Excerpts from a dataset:
┏━━

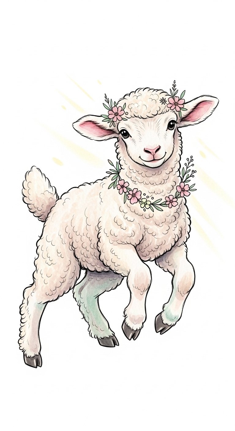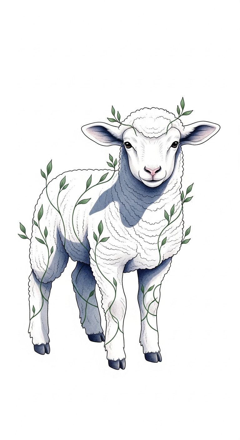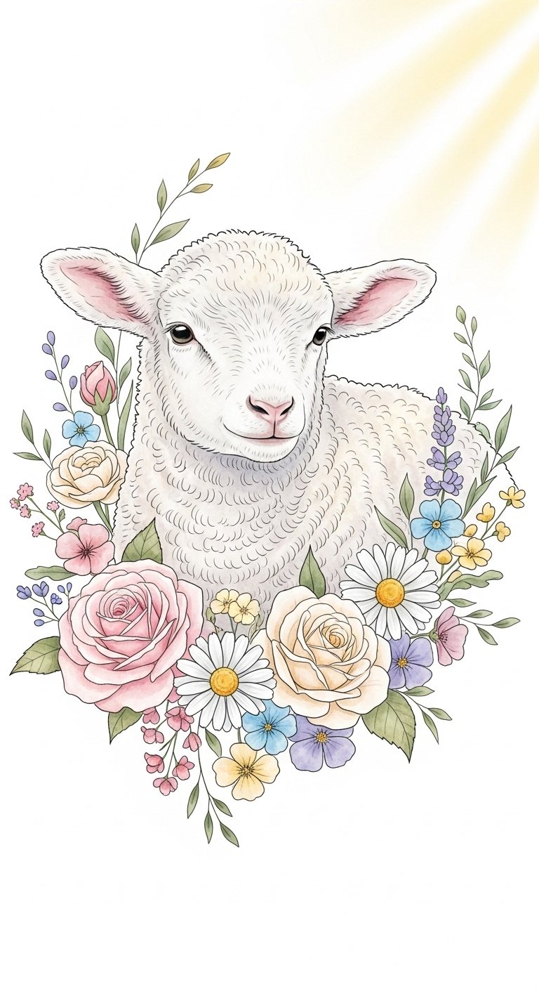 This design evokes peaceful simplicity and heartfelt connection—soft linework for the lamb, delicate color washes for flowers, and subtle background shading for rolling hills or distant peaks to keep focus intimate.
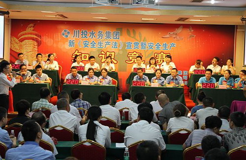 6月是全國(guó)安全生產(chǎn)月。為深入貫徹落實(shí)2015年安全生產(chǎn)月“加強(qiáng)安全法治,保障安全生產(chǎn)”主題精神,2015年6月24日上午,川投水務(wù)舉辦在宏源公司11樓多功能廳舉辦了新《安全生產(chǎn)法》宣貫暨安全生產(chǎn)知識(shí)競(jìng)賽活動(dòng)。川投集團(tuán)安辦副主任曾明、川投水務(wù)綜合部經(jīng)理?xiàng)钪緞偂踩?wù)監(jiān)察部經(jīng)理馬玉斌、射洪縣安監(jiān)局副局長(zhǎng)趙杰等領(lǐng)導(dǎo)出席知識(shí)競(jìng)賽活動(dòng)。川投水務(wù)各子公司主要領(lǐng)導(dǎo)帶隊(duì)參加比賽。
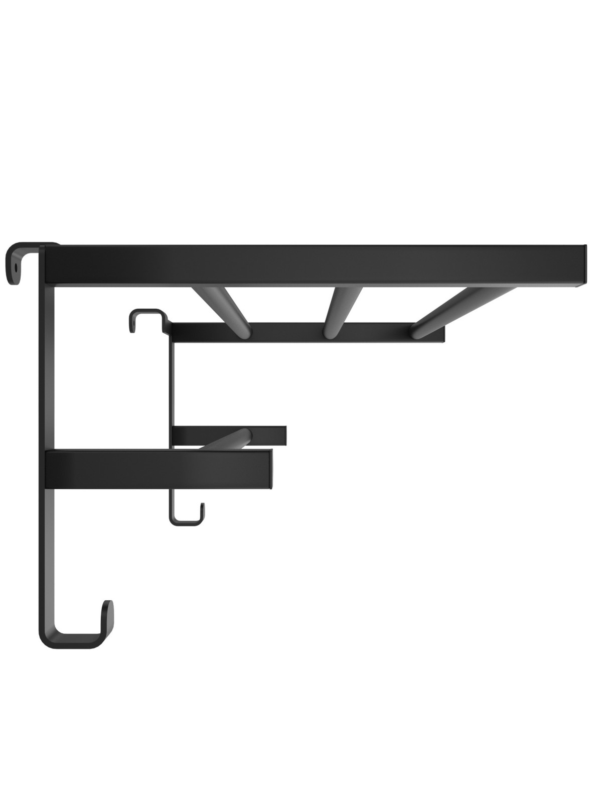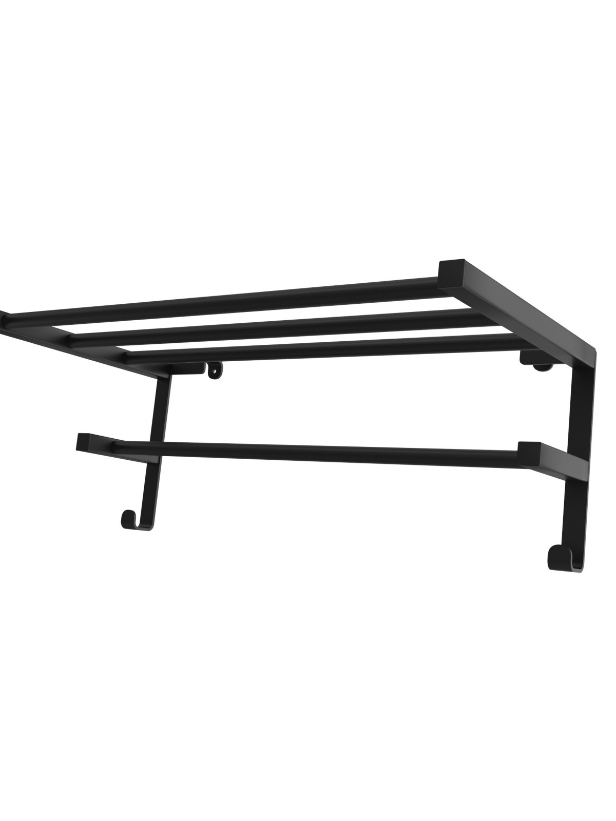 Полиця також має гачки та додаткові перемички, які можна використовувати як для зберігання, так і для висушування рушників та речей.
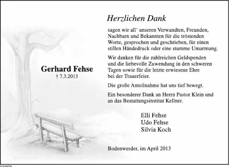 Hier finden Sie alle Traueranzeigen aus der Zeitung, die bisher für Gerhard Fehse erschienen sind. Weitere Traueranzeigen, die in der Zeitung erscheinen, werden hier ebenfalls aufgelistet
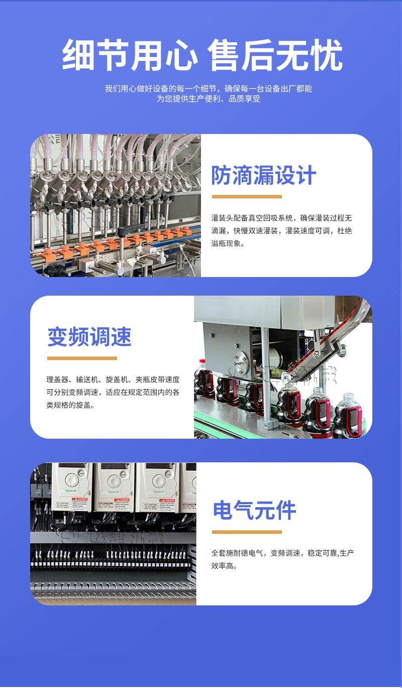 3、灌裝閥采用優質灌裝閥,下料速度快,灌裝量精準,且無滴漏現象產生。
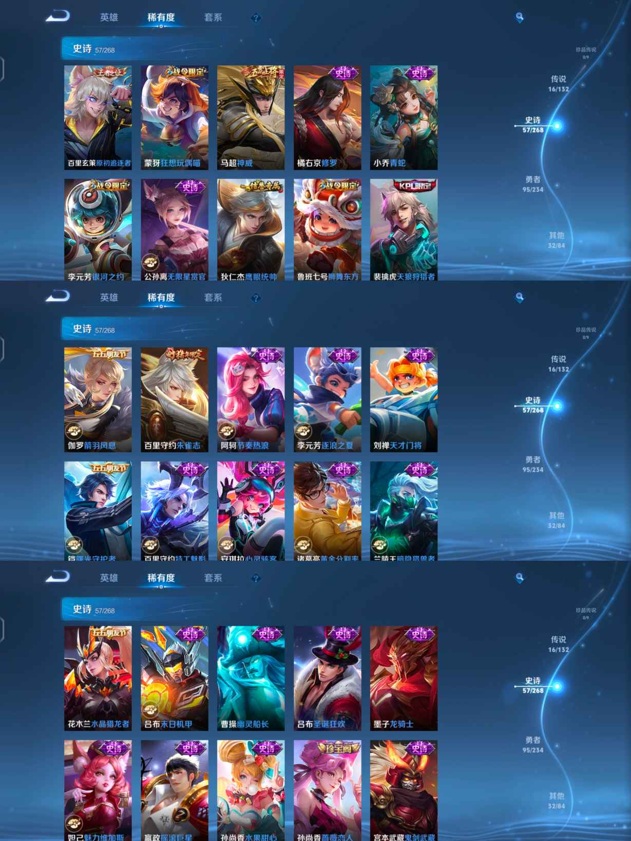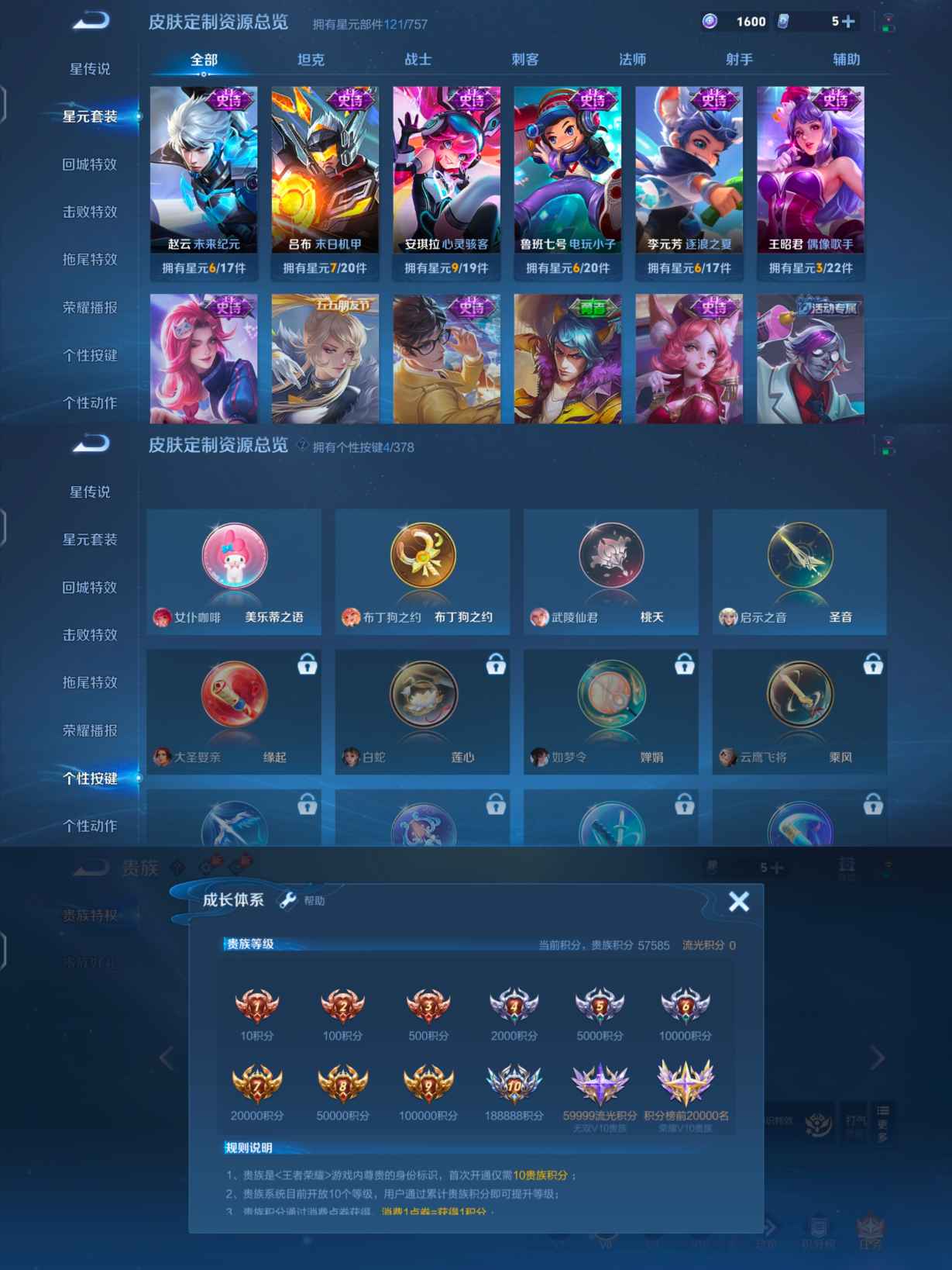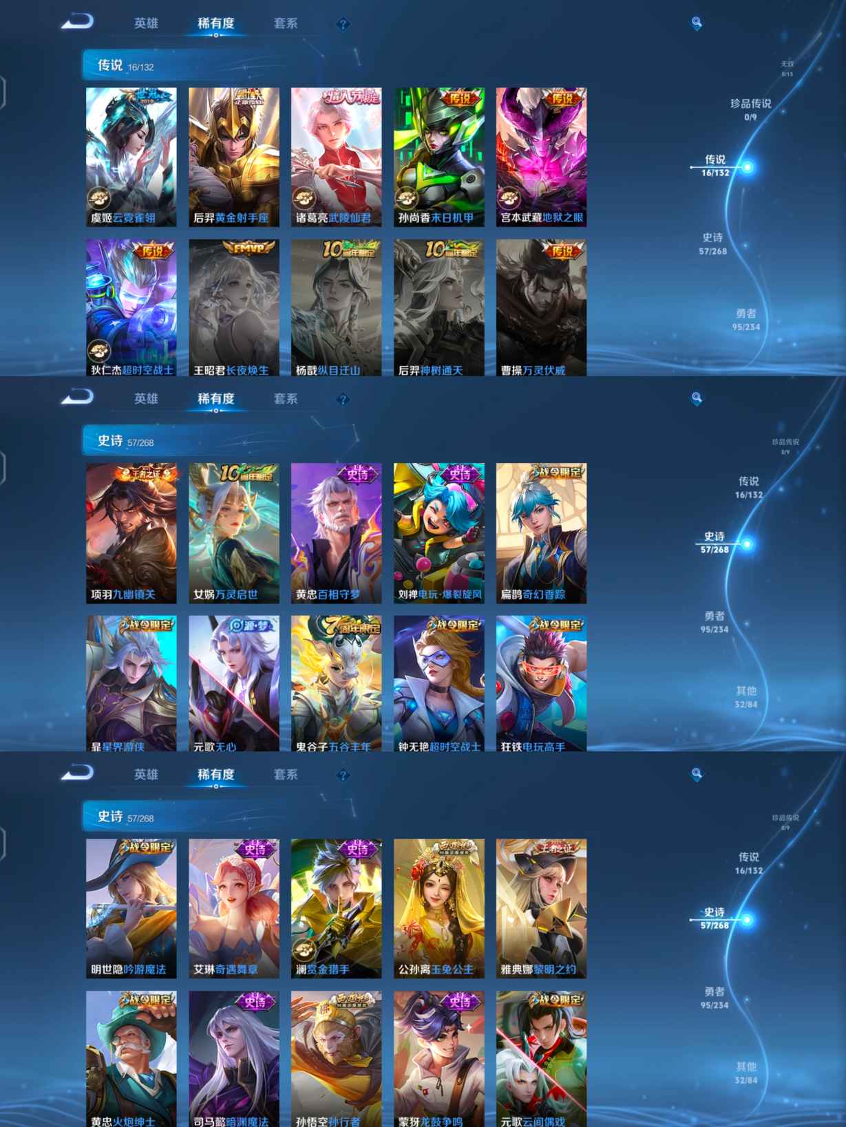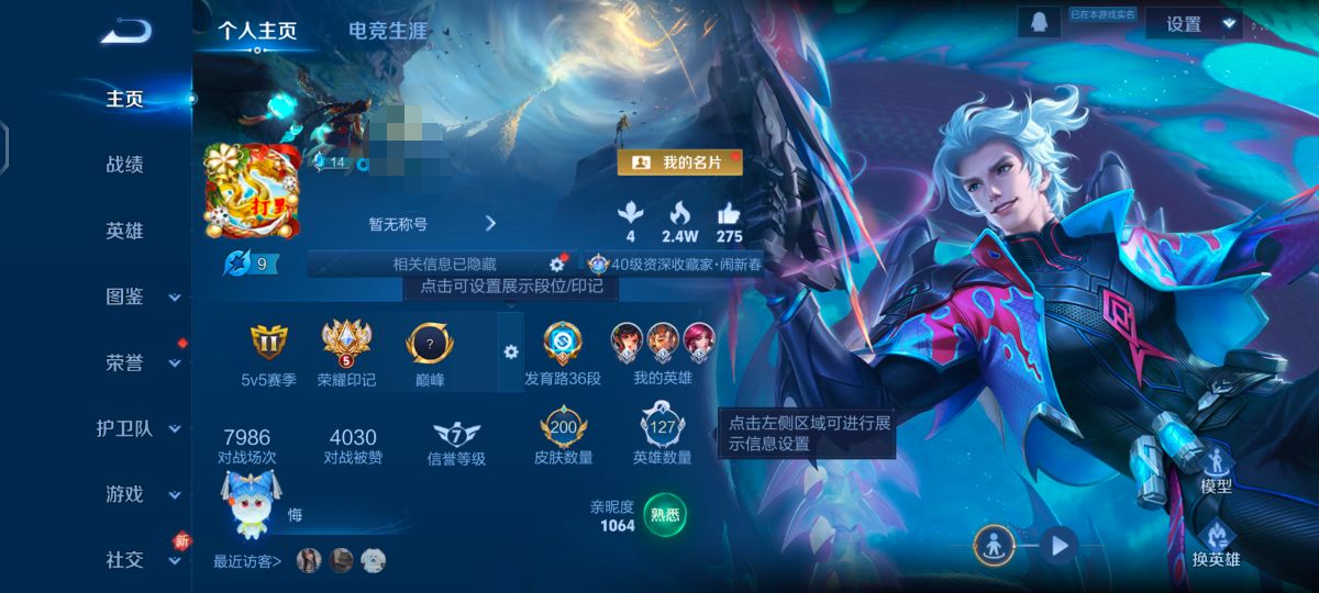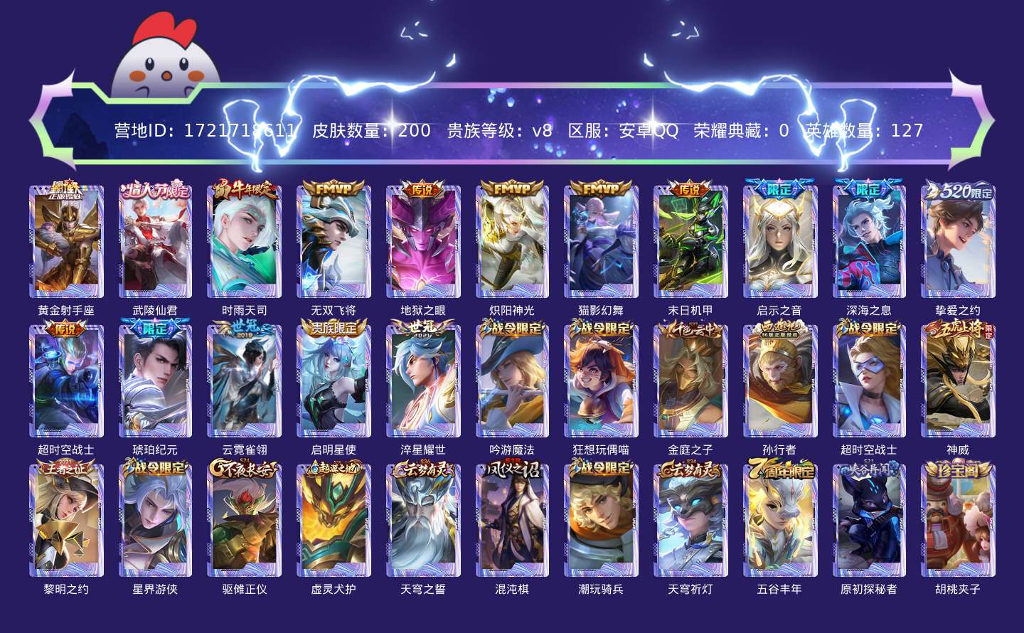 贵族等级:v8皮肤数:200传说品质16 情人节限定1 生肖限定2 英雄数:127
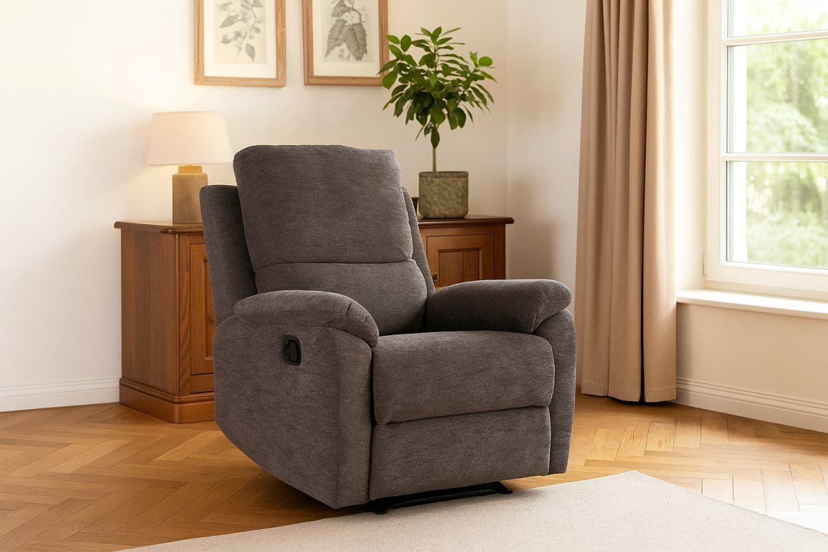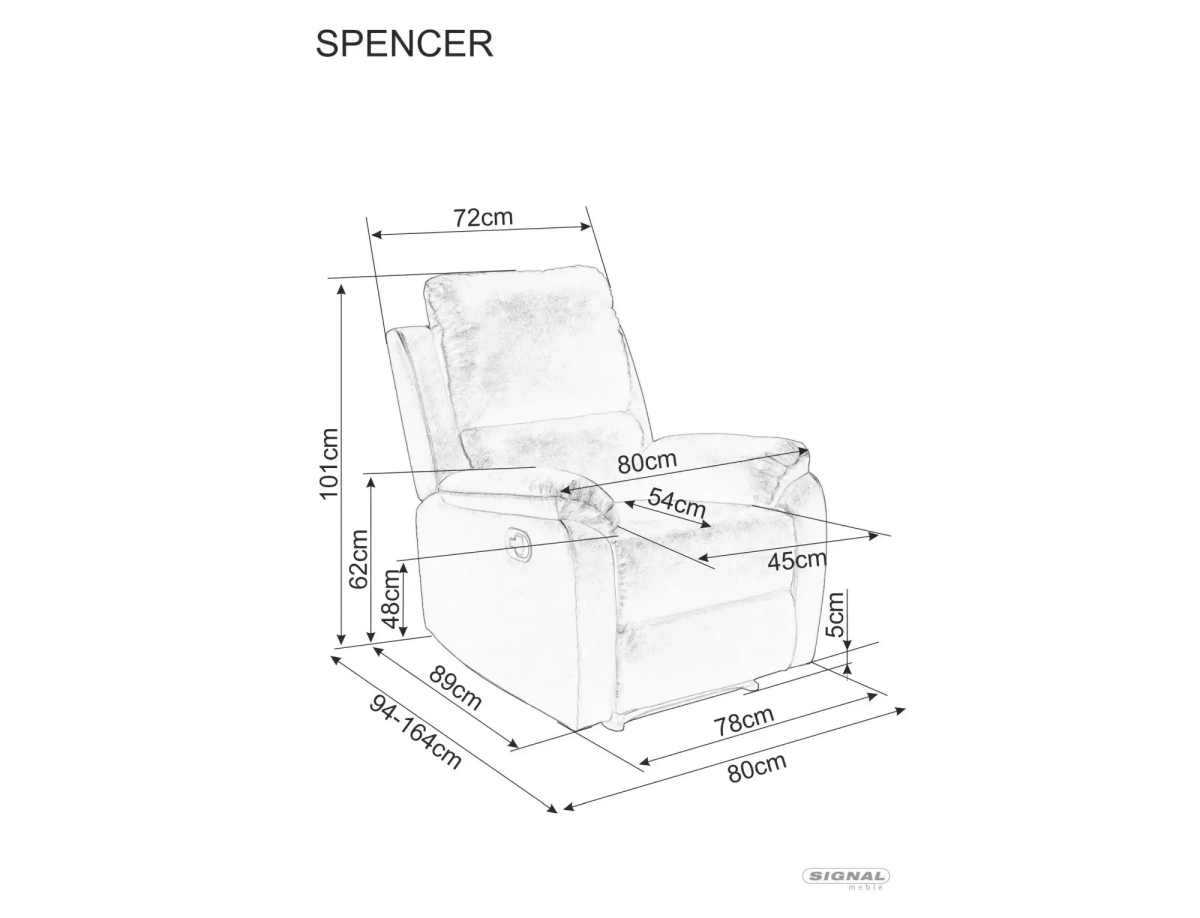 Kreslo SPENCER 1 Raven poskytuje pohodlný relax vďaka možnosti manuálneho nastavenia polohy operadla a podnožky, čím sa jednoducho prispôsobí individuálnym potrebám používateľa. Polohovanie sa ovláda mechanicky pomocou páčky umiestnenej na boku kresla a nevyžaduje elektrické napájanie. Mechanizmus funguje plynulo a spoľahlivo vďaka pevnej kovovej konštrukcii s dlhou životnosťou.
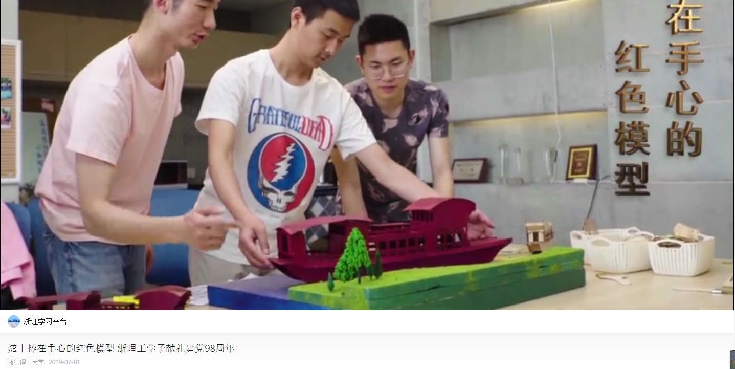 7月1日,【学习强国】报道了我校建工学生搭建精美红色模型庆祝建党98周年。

┗━━

Copy the data word for word, no pictures.

SOLUTION FOR THIS PROBLEM:
 This design evokes peaceful simplicity and heartfelt connection—soft linework for the lamb, delicate color washes for flowers, and subtle background shading for rolling hills or distant peaks to keep focus intimate.
 6月是全國(guó)安全生產(chǎn)月。為深入貫徹落實(shí)2015年安全生產(chǎn)月“加強(qiáng)安全法治,保障安全生產(chǎn)”主題精神,2015年6月24日上午,川投水務(wù)舉辦在宏源公司11樓多功能廳舉辦了新《安全生產(chǎn)法》宣貫暨安全生產(chǎn)知識(shí)競(jìng)賽活動(dòng)。川投集團(tuán)安辦副主任曾明、川投水務(wù)綜合部經(jīng)理?xiàng)钪緞偂踩?wù)監(jiān)察部經(jīng)理馬玉斌、射洪縣安監(jiān)局副局長(zhǎng)趙杰等領(lǐng)導(dǎo)出席知識(shí)競(jìng)賽活動(dòng)。川投水務(wù)各子公司主要領(lǐng)導(dǎo)帶隊(duì)參加比賽。
 Полиця також має гачки та додаткові перемички, які можна використовувати як для зберігання, так і для висушування рушників та речей.
 Hier finden Sie alle Traueranzeigen aus der Zeitung, die bisher für Gerhard Fehse erschienen sind. Weitere Traueranzeigen, die in der Zeitung erscheinen, werden hier ebenfalls aufgelistet
 3、灌裝閥采用優質灌裝閥,下料速度快,灌裝量精準,且無滴漏現象產生。
 贵族等级:v8皮肤数:200传说品质16 情人节限定1 生肖限定2 英雄数:127
 Kreslo SPENCER 1 Raven poskytuje pohodlný relax vďaka možnosti manuálneho nastavenia polohy operadla a podnožky, čím sa jednoducho prispôsobí individuálnym potrebám používateľa. Polohovanie sa ovláda mechanicky pomocou páčky umiestnenej na boku kresla a nevyžaduje elektrické napájanie. Mechanizmus funguje plynulo a spoľahlivo vďaka pevnej kovovej konštrukcii s dlhou životnosťou.
 7月1日,【学习强国】报道了我校建工学生搭建精美红色模型庆祝建党98周年。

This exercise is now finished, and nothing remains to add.